2. Epidemiology & Real World Evidence, BioMarin Pharmaceutical Inc., Novato, CA

3. Department of Science, Aetion Inc., New York, NY, and

4. Global Medical Affairs, BioMarin (UK) Limited, London, U.K.

5. Clinical Sciences, BioMarin (UK) Limited, London, U.K.

6. Global Health Economics & Outcomes Research, BioMarin (UK) Limited, London, U.K.

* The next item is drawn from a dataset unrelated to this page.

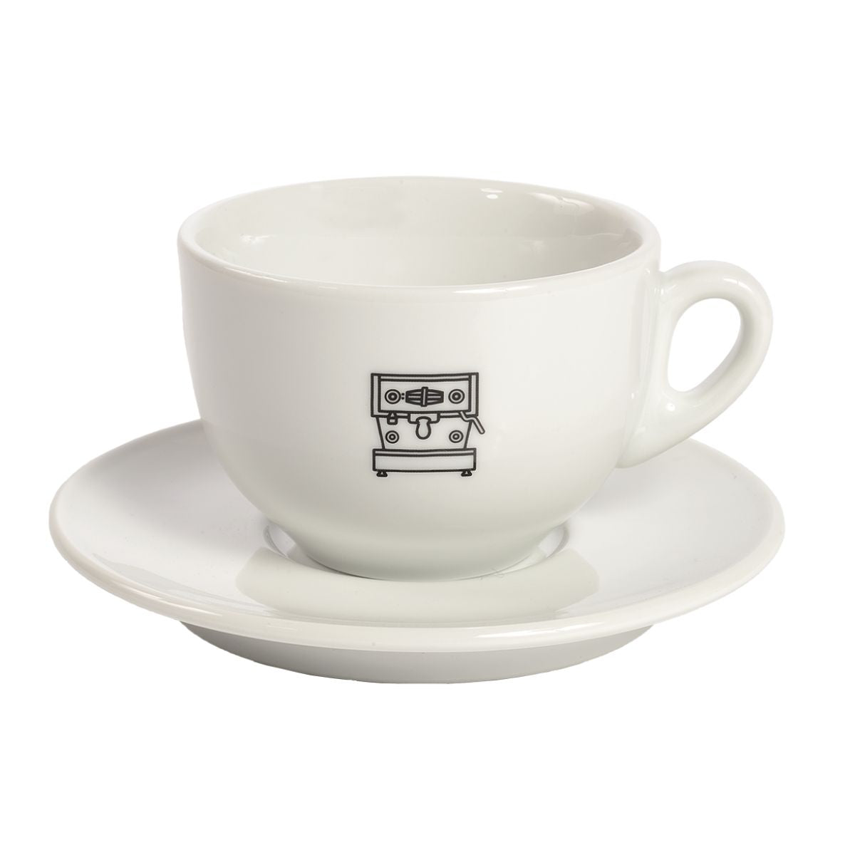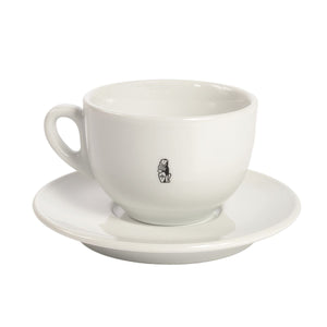 Den originale hvite La Marzocco cappuccinokopp i porselen med sort Linea Mini-logo. Håndlaget i Italia.

7. Allergy and Clinical Immunology, Massachusetts General Hospital, Boston, MA

Abstract

Background:New hereditary angioedema (HAE) treatments have become available in recent years for the treatment of HAE due to C1-inhibitor (C1-INH) deficiency, including two subcutaneous (SC) options: a monoclonal antibody (lanadelumab) and a plasma-derived C1-INH concentrate (SC-C1-INH). Limited real-world data on these therapies have been reported.Objective:The objective was to describe new users of lanadelumab and SC-C1-INH, including demographics, healthcare resource utilization (HCRU), costs, and treatment patterns before and after beginning treatment.Methods:This was a retrospective cohort study that used an administrative claims data base. Two mutually exclusive cohorts of adult (ages ≥18 years) new users of lanadelumab or SC-C1-INH with ≥180 days of continuous use were identified. HCRU, costs, and treatment patterns were assessed in the 180-day period before the index date (new treatment use) and up to 365 days after the index date. HCRU and costs were calculated as annualized rates.Results:Forty-seven patients who used lanadelumab and 38 patients who used SC-C1-INH were identified. The most frequently used on-demand HAE treatments at baseline were the same for both cohorts: bradykinin B2antagonists (48.9% of the patients on lanadelumab, 52.6% of the patients on SC-C1-INH) and C1-INHs (40.4% of the patients on lanadelumab, 57.9% of the patients on SC-C1-INH). More than 33% of the patients continued to fill on-demand medications after treatment initiation. Annualized angioedema-associated emergency department visits and hospitalizations decreased after initiation of treatment, from 1.8 to 0.6 for the patients on lanadelumab and from 1.3 to 0.5 for the patients on SC-C1-INH. Annualized total healthcare costs after treatment initiation in the database were $866,639 and $734,460 for the lanadelumab and SC-C1-INH cohorts, respectively. Pharmacy costs accounted for >95% of these total costs.Conclusion:Although HCRU decreased after the initiation of treatment, angioedema-associated emergency department visits and hospitalizations and on-demand treatment fills were not completely eliminated. This indicates ongoing disease and treatment burden despite use of modern HAE medicines.

Publisher

Oceanside Publications Inc.

Subject

Pulmonary and Respiratory Medicine,General Medicine,Immunology and Allergy

Reference15 articles.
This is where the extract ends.